### WORK ITEM
Because the pictures are not wanted, reproduce the rest of the records below exactly as they stand.
SUPPLIED RECORDS START
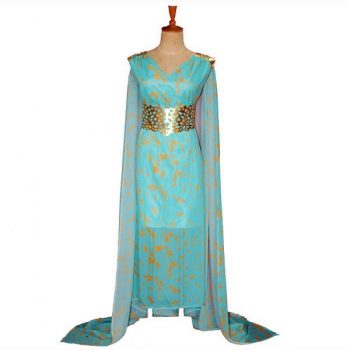 Game of Thrones Daenerys Targaryen Blue Cape Cosplay Costume Dress Set
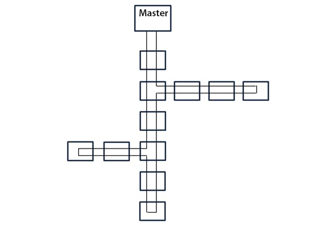 5線のツイストペア、または光ファイバーケーブルを使用して接続します。伝送速度は500kbpsまたは2Mbpsで通信しており、最大256局まで通信できます。全二重通信を使用して疑似的なループトポロジーを構成し、すべての機器に対して順番にデータを送信していく方式を採用しています。局間の距離は400mまで対応しており、総延長距離で12.8kmまで延長できます。
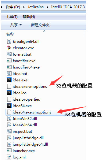 - 根据自己所安装的版本来决定,我使用的是 64 位的 idea,所以在 idea64.exe.vmoptions 文件的最后
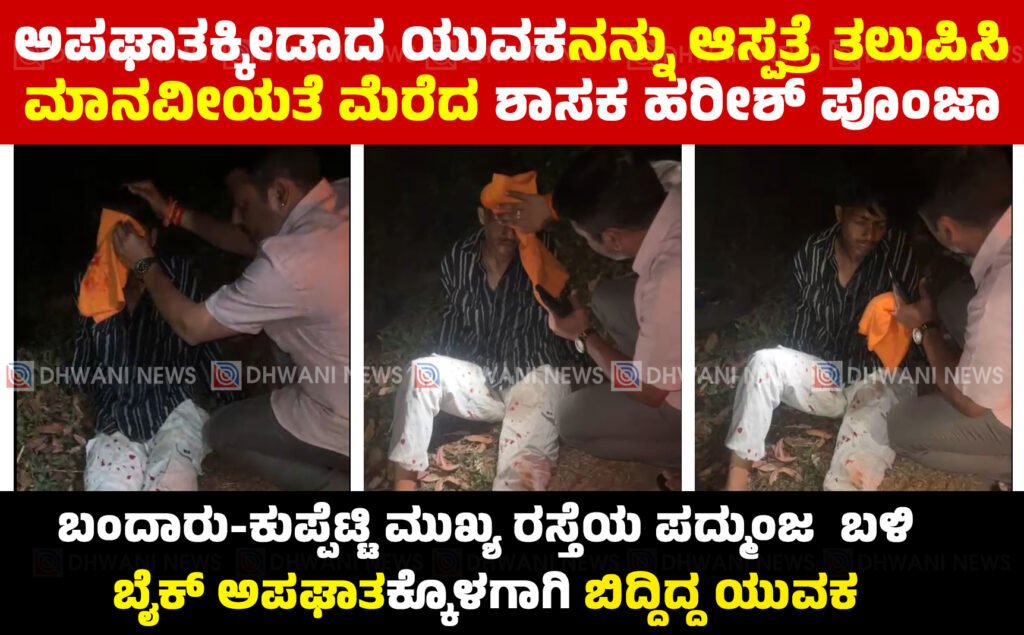 ಬೆಳಾಲಿನ ಆರಿಕೋಡಿ ದೇವಸ್ಥಾನದ ಕಾರ್ಯಕ್ರಮ ಮುಗಿಸಿ, ಬೇರೊಂದು ಕಾರ್ಯಕ್ರಮಕ್ಕೆ ತೆರಳುವ ಸಂದರ್ಭ ಬಂದಾರು-ಕುಪ್ಪೆಟ್ಟಿ ಮುಖ್ಯ ರಸ್ತೆಯ ಪದ್ಮುಂಜ ಬಳಿ ಬೈಕ್ ಅಪಘಾತಕ್ಕೊಳಗಾಗಿ ಯುವಕನೋರ್ವ ರಸ್ತೆಯಲ್ಲಿ ಬಿದ್ದಿದ್ದ. ಆತನನ್ನು ಕಂಡ ತಕ್ಷಣವೇ ಶಾಸಕ ಹರೀಶ್ ಪೂಂಜಾ ಅವರು ಕಾರು ನಿಲ್ಲಿಸಿ, ತುರ್ತಾಗಿ ಸ್ಪಂದಿಸಿದ್ದಾರೆ. ಸ್ಥಳದಲ್ಲಿ ಯುವಕನನ್ನು ತುರ್ತಾಗಿ ವಿಚಾರಿಸಿ, ಚಿಕಿತ್ಸೆಗಾಗಿ ಆಸ್ಪತ್ರೆಗೆ ಕಳುಹಿಸಿ ಮಾನವೀಯತೆ ಮೆರೆದಿದ್ದಾರೆ. ಶಾಸಕರ ಮಾನವೀಯ ಕಾರ್ಯಕ್ಕೆ ಸಾರ್ವಜನಿಕರಿಂದ ವ್ಯಾಪಕ ಮೆಚ್ಚುಗೆ ವ್ಯಕ್ತವಾಗಿದೆ.
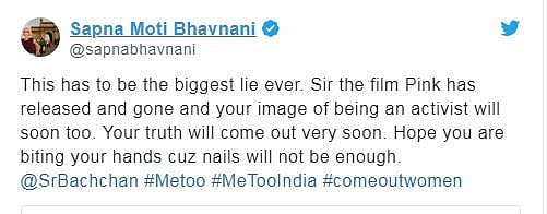 இதனைத் தொடர்ந்து கடந்த வெள்ளிக்கிழமை, புகழ் பெற்ற ஹேர் ஸ்டைலிஸ்ட் ஸப்னா மோடி பவ்னானி என்பவர், தனது ட்விட்டரில் பாலிவுட் மெகா ஸ்டார் அமிதாப் பச்சனை நேரடியாகத் தாக்கியுள்ளார். பிங்க் திரைப்படம் உள்ளிட்டு தனது பிறந்த நாளன்று எடுக்கப்பட்ட நேர்காணல் ஒன்றுக்கு நன்றி தெரிவித்த அமிதாப் பச்சன் ட்விட்டரில் பதிவிட்டிருந்த போது, அதற்கு பதிலாக ஸப்னா, ‘இது சுத்தப் பொய். உங்கள் படமான பிங்க் வெளியாகி நல்ல பெயரை உங்களுக்கு பெற்றுத் தந்திருக்கலாம், ஆனால் உங்கள் நல்ல பெயர் விரைவில் காலாவதியாகப் போகிறது. உங்கள் சுயரூபம் நிச்சயம் விரைவில் வெளிவரும். உண்மை நிச்சயம் வெளியில் வரத் தான் செய்யும். இப்போது நீங்கள் உங்கள் கையை கடிக்கத் தொடங்கி இருப்பீர்கள், என நம்புகிறேன், காரணம் கடிப்பதற்கு உங்கள் நகங்கள் போதாது’ என்று மீடூ ஹாஷ்டேக்குடன் ‘கம் அவுட் வுமன்’ என்று மற்ற பெண்களுக்கு அழைப்பும் விடுத்து பதிவிட்டிருந்தார் ஸப்னா.
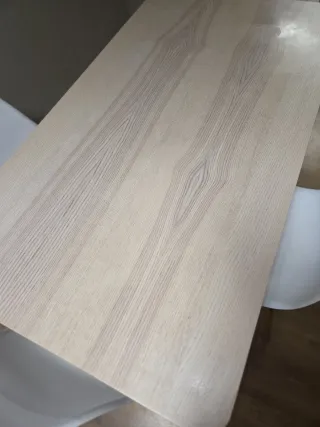 Mesa de comedor con un diseño moderno y elegante. - Acabado en tono madera natural. - Patas robustas para mayor estabilidad.
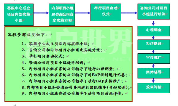 2007年11月,中國移動江蘇公司客戶服務中心EAP計劃正式啟動,這是中心為全體員工獻上的一份特別的“精神福利”。 EAP(Employee Assistance Program),中文被譯為“員工幫助計劃”,是由組織為其成員設置的一項長期的、系統(tǒng)的援助和福利計劃。它源于20世紀40年代的美國,目前美國中型和大型企業(yè)的EAP普及率為60―70%,英國有將近113個組織提供EAP服務、2200萬員工享受EAP服務,而在我國近年來也有許多企業(yè)開始運用EAP服務,中國陸續(xù)召開了三屆EAP年會,越來越多的企業(yè)開始關注員工的心理健康。
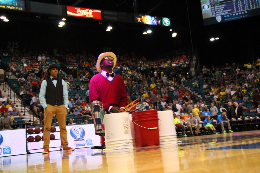 Las Vegas performers Peter Rabbit and Snap Boogie keep the MGM Grand Arena energy high during halftime on Thursday, March 12, 2015. (Gray Bender/CU Independent) Grayson Bender
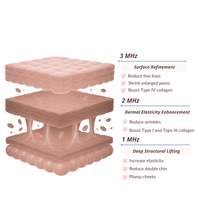 Achieve surface refinement, enhanced dermal elasticity, and structural lifting with 3 MHz, 2 MHz, and 1 MHz frequencies, reducing fine lines, shrinking pores, and boosting collagen.
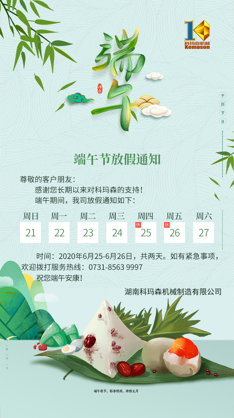 值此端午節(jié),科瑪森除了對各位朋友們、客戶們致以端午問候與祝福:“端午節(jié)安康”。更是勉勵科瑪森全體同仁發(fā)揚優(yōu)良傳統(tǒng)文化:熱愛祖國、熱愛生活、熱愛工作,努力學習,致力做“中國好細石泵”事業(yè),讓天下人都買到好細石泵,輕松做工程,快樂掙大錢 !
SUPPLIED RECORDS END
### SOLVED PROBLEM
 Game of Thrones Daenerys Targaryen Blue Cape Cosplay Costume Dress Set
 5線のツイストペア、または光ファイバーケーブルを使用して接続します。伝送速度は500kbpsまたは2Mbpsで通信しており、最大256局まで通信できます。全二重通信を使用して疑似的なループトポロジーを構成し、すべての機器に対して順番にデータを送信していく方式を採用しています。局間の距離は400mまで対応しており、総延長距離で12.8kmまで延長できます。
 - 根据自己所安装的版本来决定,我使用的是 64 位的 idea,所以在 idea64.exe.vmoptions 文件的最后
 ಬೆಳಾಲಿನ ಆರಿಕೋಡಿ ದೇವಸ್ಥಾನದ ಕಾರ್ಯಕ್ರಮ ಮುಗಿಸಿ, ಬೇರೊಂದು ಕಾರ್ಯಕ್ರಮಕ್ಕೆ ತೆರಳುವ ಸಂದರ್ಭ ಬಂದಾರು-ಕುಪ್ಪೆಟ್ಟಿ ಮುಖ್ಯ ರಸ್ತೆಯ ಪದ್ಮುಂಜ ಬಳಿ ಬೈಕ್ ಅಪಘಾತಕ್ಕೊಳಗಾಗಿ ಯುವಕನೋರ್ವ ರಸ್ತೆಯಲ್ಲಿ ಬಿದ್ದಿದ್ದ. ಆತನನ್ನು ಕಂಡ ತಕ್ಷಣವೇ ಶಾಸಕ ಹರೀಶ್ ಪೂಂಜಾ ಅವರು ಕಾರು ನಿಲ್ಲಿಸಿ, ತುರ್ತಾಗಿ ಸ್ಪಂದಿಸಿದ್ದಾರೆ. ಸ್ಥಳದಲ್ಲಿ ಯುವಕನನ್ನು ತುರ್ತಾಗಿ ವಿಚಾರಿಸಿ, ಚಿಕಿತ್ಸೆಗಾಗಿ ಆಸ್ಪತ್ರೆಗೆ ಕಳುಹಿಸಿ ಮಾನವೀಯತೆ ಮೆರೆದಿದ್ದಾರೆ. ಶಾಸಕರ ಮಾನವೀಯ ಕಾರ್ಯಕ್ಕೆ ಸಾರ್ವಜನಿಕರಿಂದ ವ್ಯಾಪಕ ಮೆಚ್ಚುಗೆ ವ್ಯಕ್ತವಾಗಿದೆ.
 இதனைத் தொடர்ந்து கடந்த வெள்ளிக்கிழமை, புகழ் பெற்ற ஹேர் ஸ்டைலிஸ்ட் ஸப்னா மோடி பவ்னானி என்பவர், தனது ட்விட்டரில் பாலிவுட் மெகா ஸ்டார் அமிதாப் பச்சனை நேரடியாகத் தாக்கியுள்ளார். பிங்க் திரைப்படம் உள்ளிட்டு தனது பிறந்த நாளன்று எடுக்கப்பட்ட நேர்காணல் ஒன்றுக்கு நன்றி தெரிவித்த அமிதாப் பச்சன் ட்விட்டரில் பதிவிட்டிருந்த போது, அதற்கு பதிலாக ஸப்னா, ‘இது சுத்தப் பொய். உங்கள் படமான பிங்க் வெளியாகி நல்ல பெயரை உங்களுக்கு பெற்றுத் தந்திருக்கலாம், ஆனால் உங்கள் நல்ல பெயர் விரைவில் காலாவதியாகப் போகிறது. உங்கள் சுயரூபம் நிச்சயம் விரைவில் வெளிவரும். உண்மை நிச்சயம் வெளியில் வரத் தான் செய்யும். இப்போது நீங்கள் உங்கள் கையை கடிக்கத் தொடங்கி இருப்பீர்கள், என நம்புகிறேன், காரணம் கடிப்பதற்கு உங்கள் நகங்கள் போதாது’ என்று மீடூ ஹாஷ்டேக்குடன் ‘கம் அவுட் வுமன்’ என்று மற்ற பெண்களுக்கு அழைப்பும் விடுத்து பதிவிட்டிருந்தார் ஸப்னா.
 Mesa de comedor con un diseño moderno y elegante. - Acabado en tono madera natural. - Patas robustas para mayor estabilidad.
 2007年11月,中國移動江蘇公司客戶服務中心EAP計劃正式啟動,這是中心為全體員工獻上的一份特別的“精神福利”。 EAP(Employee Assistance Program),中文被譯為“員工幫助計劃”,是由組織為其成員設置的一項長期的、系統(tǒng)的援助和福利計劃。它源于20世紀40年代的美國,目前美國中型和大型企業(yè)的EAP普及率為60―70%,英國有將近113個組織提供EAP服務、2200萬員工享受EAP服務,而在我國近年來也有許多企業(yè)開始運用EAP服務,中國陸續(xù)召開了三屆EAP年會,越來越多的企業(yè)開始關注員工的心理健康。
 Las Vegas performers Peter Rabbit and Snap Boogie keep the MGM Grand Arena energy high during halftime on Thursday, March 12, 2015. (Gray Bender/CU Independent) Grayson Bender
 Achieve surface refinement, enhanced dermal elasticity, and structural lifting with 3 MHz, 2 MHz, and 1 MHz frequencies, reducing fine lines, shrinking pores, and boosting collagen.
 值此端午節(jié),科瑪森除了對各位朋友們、客戶們致以端午問候與祝福:“端午節(jié)安康”。更是勉勵科瑪森全體同仁發(fā)揚優(yōu)良傳統(tǒng)文化:熱愛祖國、熱愛生活、熱愛工作,努力學習,致力做“中國好細石泵”事業(yè),讓天下人都買到好細石泵,輕松做工程,快樂掙大錢 !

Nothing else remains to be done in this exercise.